Increasing the level of the beta parameter of the gamma distribution of the lambda prior leads to a very strong influence/bias in the posterior distribution. 

#### e. Using the posterior distributions from your ‘vague’ and informative priors, determine the posterior mean and the 95% credible interval for the parameter. Comment on the effect of the parameter estimate and the credible interval under the two different priors. 

In [112]:
print("Vague", gamma.stats(post_vague[0], scale=1/post_vague[1], moments='m'),
      "({:3.3f}, {:3.3f})".format(gamma.ppf(0.025, post_vague[0], scale=1/post_vague[1]), 
                 gamma.ppf(0.975, post_vague[0], scale=1/post_vague[1])))
print("Informative", gamma.stats(post_inform[0], scale=1/post_inform[1], moments='m'),
      "({:3.3f}, {:3.3f})".format(gamma.ppf(0.025, post_inform[0], scale=1/post_inform[1]), 
                 gamma.ppf(0.975, post_inform[0], scale=1/post_inform[1])))

Vague 4.599880003999867 (3.864, 5.398)
Informative 4.171428571428572 (3.522, 4.875)


The higher the beta parameter, the narrower the credible interval for the posterior and the greater the influence on shifting the mean.

#### f. Fit the sparrow data using a generalized linear model using a likelihood approach (e.g., using the glm command in R).
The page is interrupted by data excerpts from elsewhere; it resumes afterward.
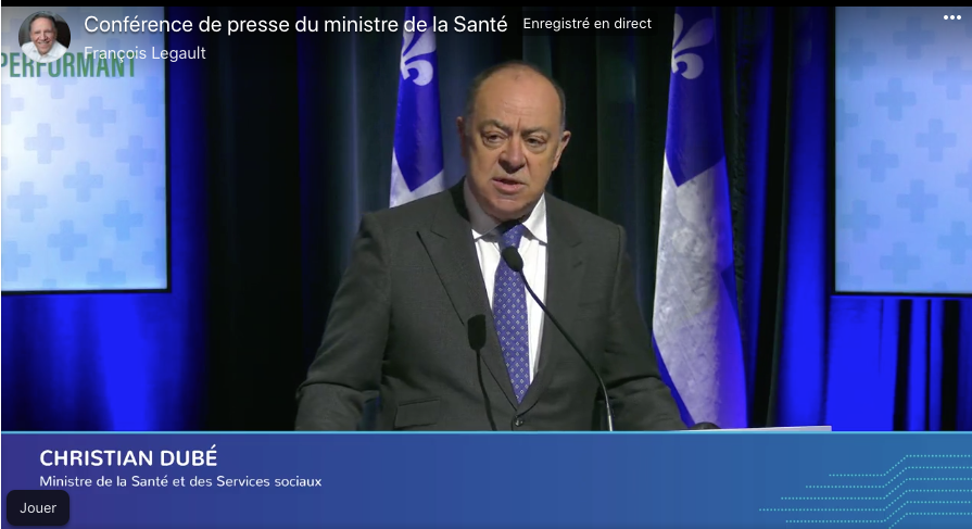 Mardi le 29 mars 2022, en direct du CHUM, le ministre de la santé et des services sociaux, M. Christian Dubé, accompagné du ministre délégué à la santé, M. Lionel Carmant, a tenu une conférence de presse annonçant l’organisation des soins de santé et des services sociaux au Québec, à laquelle Luc Lepage a été convié.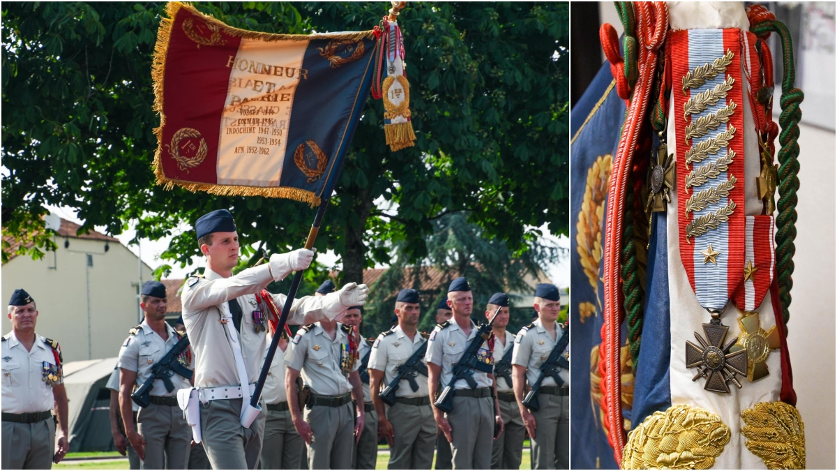 They maintain the French parachutist badge first established in 1937, and their regimental flag has honors for Vosage (1944) Colmar (1945) Indochine (1947-50, 53-54) and AFN (Algeria) 1952-62. Besides the tradtional amaranth (red) airborne beret, they also wear a blue Air Force cap on occasion, to mark the old 601e/602e GIA linage.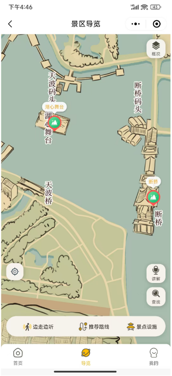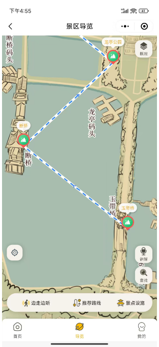 游客通過小程序可定位周邊景點,開啟邊走邊聽自動講解,查看地圖定位與景點圖文介紹,切換多語言導覽,并參照官方推薦路線便捷規劃行程。支持跳轉菜單實現多業態互相引流,全面提升景區導覽體驗與運營效率。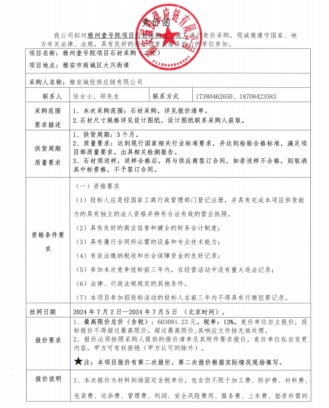 雅州壹號院項目石材采購(二次)競價公告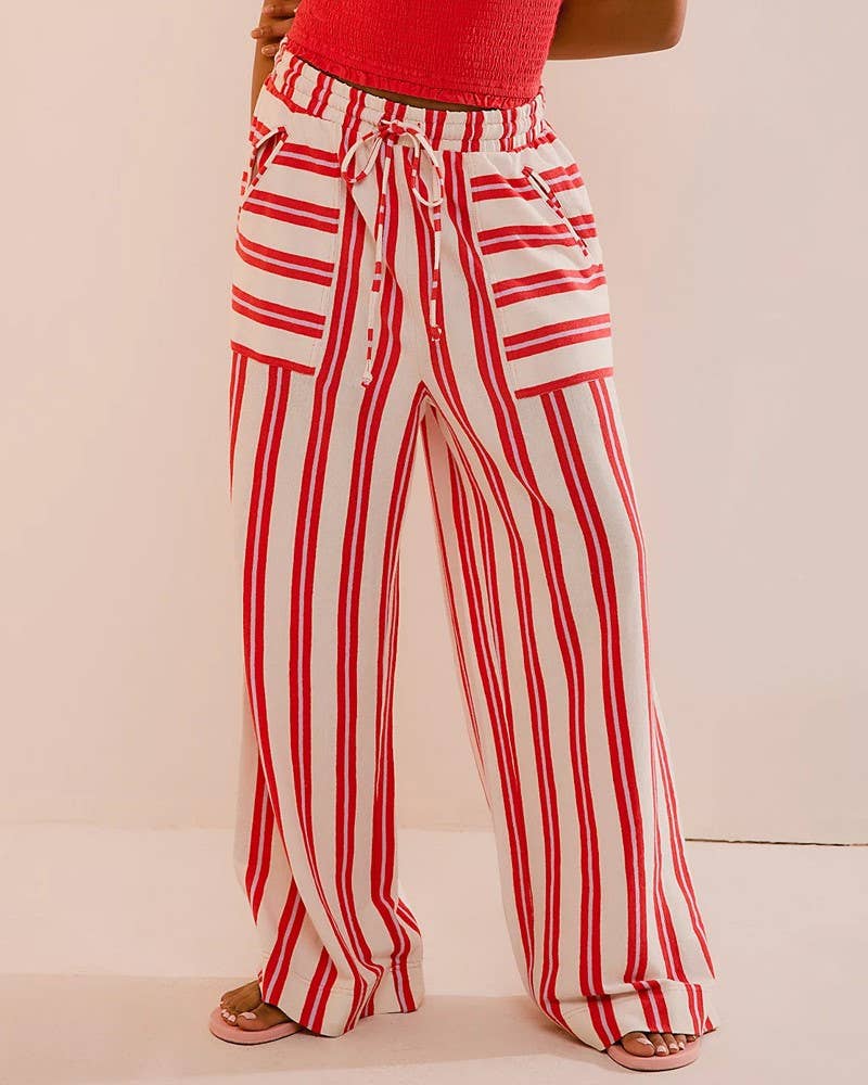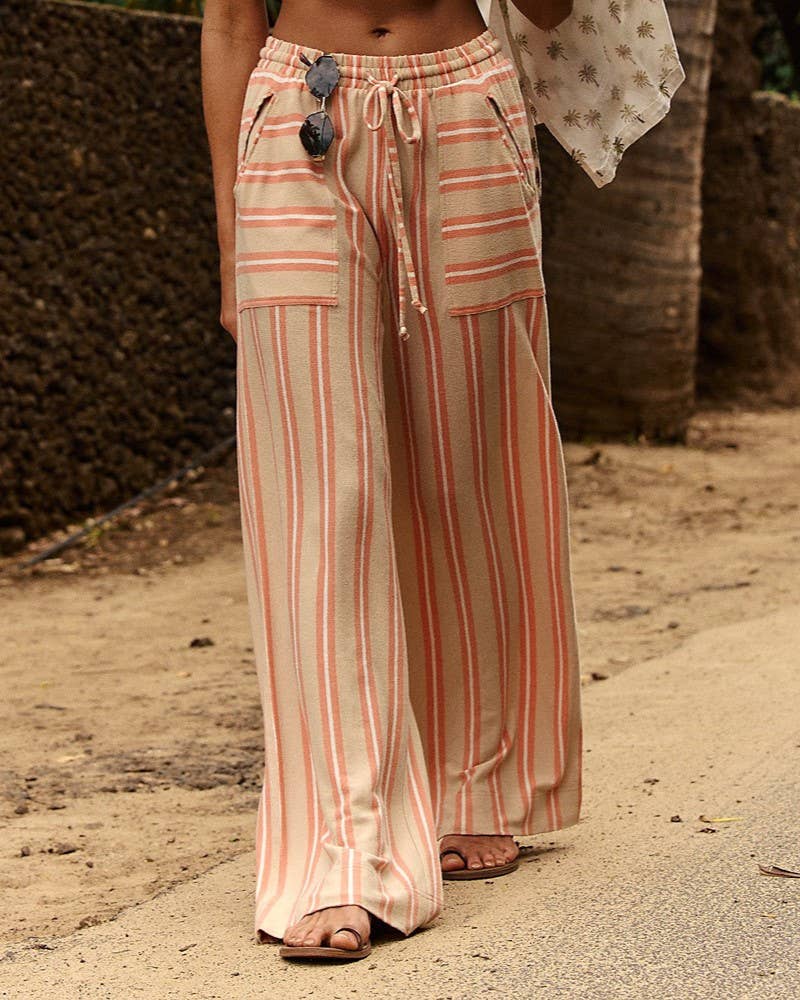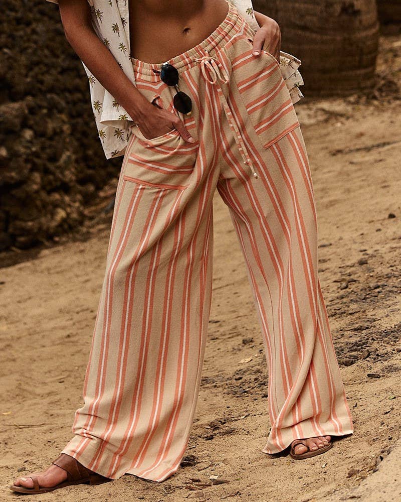 STRIPED BEACH HOMELY DRAWSTRING WIDE-LEG TROUSERS_RCJW02974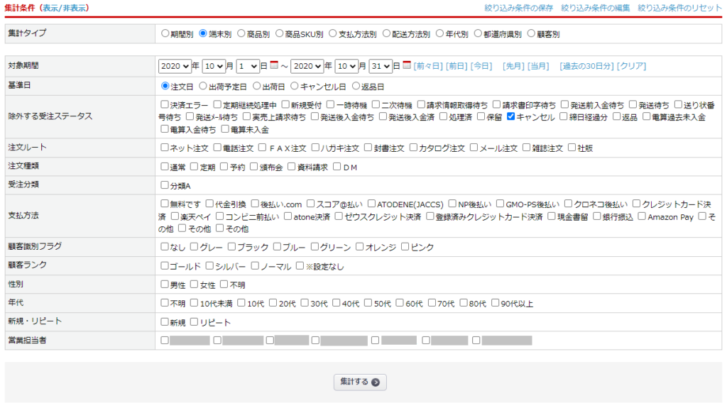 | 除外する受注ステータス | 集計から除外する受注ステータスを選択(複数選択可) |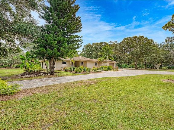 Your wait is over because this MOVE-IN READY MUST SEE 3 bed/3 bath/1 den home with an enormous 2.18 acre lot will not last long. With nearly $200,000 in renovations, enjoy the modern interior finishes and the great outdoors with a beautiful Pergola in the rear patio that is a perfect serene setting. Renovations include, Kitchen and Bath remodeled with granite countertops and Real Wood shaker cabinets, custom master closet, new interior doors, window treatments, HURRICANE impact windows and doors, recessed lighting, newly paved driveway and patio, new electric panel, water softener, newer flooring throughout, 2 newer HVAC units, garage floors. Ask for the full list. There are many fruit trees you can enjoy including star fruit, mango, jack fruit, kumquat, lemon, grapefruit, and oranges. With your own well and septic tank, this helps keep your utility bill (electric) low which averages $125/month for the year. Septic drain and well tank replaced in 2020; Well pump replaced in 2016. NO CDDs. Very conveniently located within minutes of shopping, activities, and everyday errands. Front load washer/dryer included. PLEASE CLICK ON THE VIRTUAL TOUR link and check out the VR TOUR with 360-view interactive photos which detailed view of each room and the exterior of the property.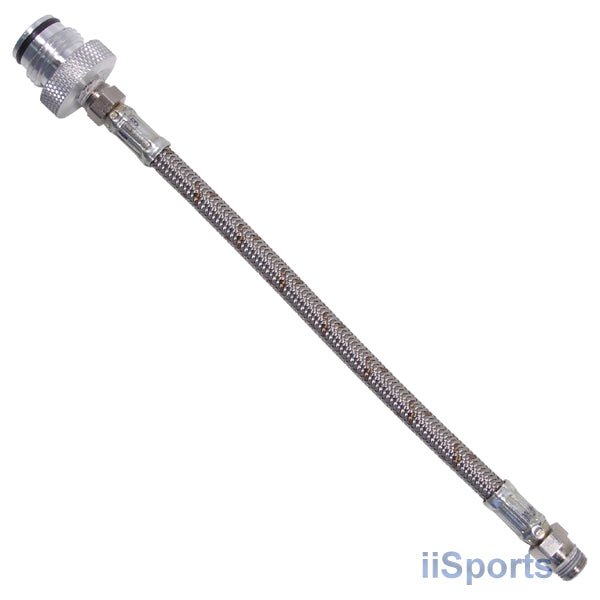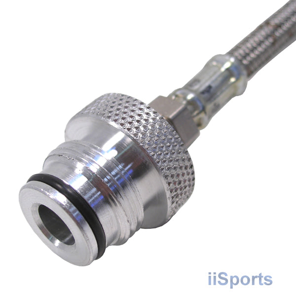 Bottomline Hose Adapter Set for most Paintball markers with vertical ASA. Includes an ASA adapter (screws into your vertical tank adapter and standard 8in long steel braided hose with male ends. Allows you to reposition your tank for better balance. Does NOT include tank; bottomline adapter; elbows or any other parts. No instructions. Pictured with bottomline adapter that does NOT fit most guns (just discard).

Determine the mean parameter estimate and calculate the 95% confidence interval for the parameter.

#### g. Describe the difference between the 95% confidence interval you found in part f with the credible interval you found in part e (I’m specifically asking you to interpret each one, not just to compare the values you found).

### 3. For the analysis of the sparrow data, you decide to use a log link in your model. Thus you have for your model:
$$y_i~Pois(\lambda)$$
$$log(\lambda)=\alpha$$

#### a. Use the vague prior you selected in 2d as the prior for $\alpha$. Will the prior still be vague for $\lambda$? Demonstrate this mathematically or in a plot.

#### b. Select a prior for $\alpha$ that is also vague for $\lambda$. Show the relationship in a plot.